Sundays are for exercise and this was certainly the idea when about 1,500 of us converged on the village of Vilobí (12 kms from Girona) for the "marxa popular" which has become an institution locally. These events are organised by local walking groups where as well as marking the route clearly they provide water/oranges/hot chocolate along the way and at the finish give everyone a present and a snack.These are serious events and some people choose to run but most walk and in this case there were a 10km or a longer 15km route to choose from.

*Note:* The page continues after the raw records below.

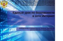 Урок «Безопасность в сети Интернет» (в рамках проведения Единого урока безопасного Интернета) проводится с целью обучить детей личной и информационной безопасности в Интернете, сформировать навыки поведения в информационном обществе с целью обеспечения информационной безопасности, а также разработать нормы и правила безопасного поведения в сети Интернет. ... Разработка урока. «Безопасность в сети Интернет». (в рамках проведения Единого урока безопасного Интернета). Цель: изучить опасные угрозы сети Интернет и методы борьбы с ними
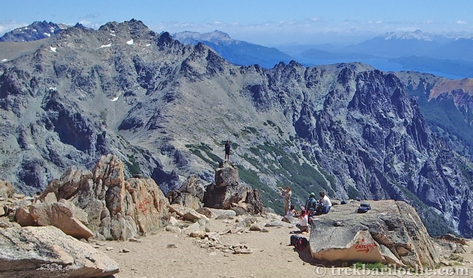 From the Cerro Catedral resort car park head to the ticket office to purchase you lift ticket. Take the Gondola 'Amancay' then the 'Diente de Caballo' chairlift to the top; follow the track about 1km as it that gradually ascends, with the last 100m of steeper ascent over loose scree to the pass. Ascent $590 (Dec 2018) check times and days it operates: lift details. When you purchase your lift tickets you will probably be asked to sign a register so they have a record of who is doing the trail - this is different from the free/obligitory National Park trekking.
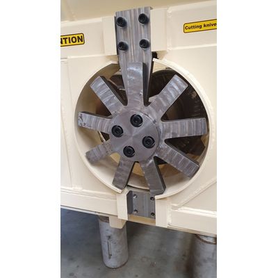 30424-AR730505 – ACTA 4-screw crusher, for processing gypsum waste. Features: Equipped with reverse hopper, loading from outlet side. Equipped with 9 fingers rotation knife + 1 fixed knife (changeable). Painted in customers required color. Reliable gear and motor setup with full control panel.
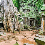 "Ancient temple ruins consumed by giant tree roots." in a framed print.

The start was at 8am and since we are in january there was a frost on the ground but after an hour the sun had re established itself and by midday everyone was in shirtsleeves; the joy of a Spanish winter, cold nights followed by clear warm days. The route could not have been nicer, passing by some impressive old farmhouses (masias) some with sundials painted on their front walls and a variety of chickens and animals, not all domesticated by the sound and smell of them!

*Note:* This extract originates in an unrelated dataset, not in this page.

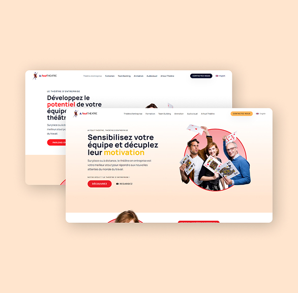 Notre mission était de revitaliser la marque et la présence digitale d’ATout Théâtre. L’objectif était de moderniser leur site web tout en repensant entièrement leur image en ligne, afin d’attirer une nouvelle clientèle et de repositionner la marque sur le marché du théâtre d’entreprise.

We went through two villages with impressive chapels, Salitja and Sant Dalmai, and in between the path followed a stream with weeping willows that reminded me of walks I have taken in Britain. As is typical here everyone was so busy talking that nobody paid any attention to what they were passing but all stopped at the first refuelling stop to take on hot chocolate (150kgs were made and consumed). This only had the effect of speeding up peoples tongues even more, especially since the temperature was rising quickly too.

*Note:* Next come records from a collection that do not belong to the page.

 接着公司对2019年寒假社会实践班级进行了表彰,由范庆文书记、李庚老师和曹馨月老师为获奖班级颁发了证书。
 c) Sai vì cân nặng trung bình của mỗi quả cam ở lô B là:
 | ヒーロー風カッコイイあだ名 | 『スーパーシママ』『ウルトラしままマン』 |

The long route went along the top edge of the crater of an extinct volcano called La Crosa which is worth a walk in itself. After a couple hours of what can really only be described as talking while moving gently in a vaguely circular route we ended up back at the school playground where we received our present (a wooly hat with the 3 churches we passed stiched on) and the serious business of eating began.
First comes the sausage (botifarra) sandwich which is cooked over coals which were part of a bonfire which I had noticed some of the inner group of walkers huddling around in the cold dawn and had a dual purpose, clearly. On tables spread all around the playground were plates of salad, potato chips, water and the Catalan porro. This is a glass vessel for drinking wine without touching your mouth to the opening which provides hilarious results when novices attempt to catch the spouting wine in their open mouths, usually the last place that it ends up...
Just when you were thinking that this snack could possibly be lunch it"s time for dessert and black coffee with a shot of either brandy or anis (a liqueur) just to make sure you float back to your car or start the whole painless route again!